If you're local Minneapolis residents who look forward to traveling abroad, the Minnesota Department of Health shared their comprehensive guidelines on their official website.

This guideline will cover the whole traveling process from Pre-departure to the home-arrival. that might be very useful for residents who want to travel but worry about all the potential diseases that might be just a plane ride away from us.

Pre - Departure

Don't let any infectious disease prevent you from visiting friends and family, vacationing, or doing business. The best time to contact your primary care doctor or a travel clinic is 4–6 weeks before the trip. However, regardless of how many days you had before your departure, you should not avoid this step. There are some clinics that accept last-minute appointments as well.

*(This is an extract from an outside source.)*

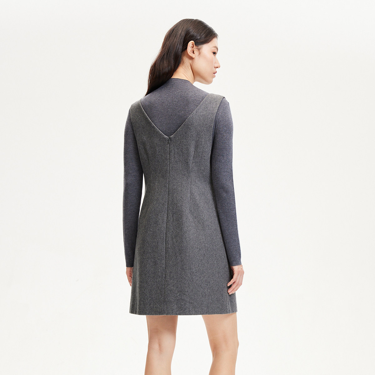 Vero Moda连衣裙秋冬含羊毛软糯A版无袖V领钉珠连衣裙32437A062

On this pre-departure step, make sure to find out whether you need malaria, diarrhea, or other vaccinations or medications. The clinic may need to know every detail about the trip.

During Travel

There are several steps to follow during the travel after you have all of your pre-departure and emergency equipment. The primary thing is to wash your hands with soap and water frequently, especially before eating. Avoid a locally made ice cube, a raw or undercooked dish, or ingredients such as meat, fish, and shellfish. Drink only sealed/bottled water, or you need to boil the tap water before you consume it.

Post Arrival

If you feel sick after traveling and manage to have a fever within a month of coming home, consult a doctor. Always inform your healthcare professionals if you have recently been abroad, especially when you have visited a country with high cases of malaria, or experiencing diarrhea symptoms in the last 24 hours, diarrhea lasting two days or longer, or diarrhea with a temperature above 102°F (39°C).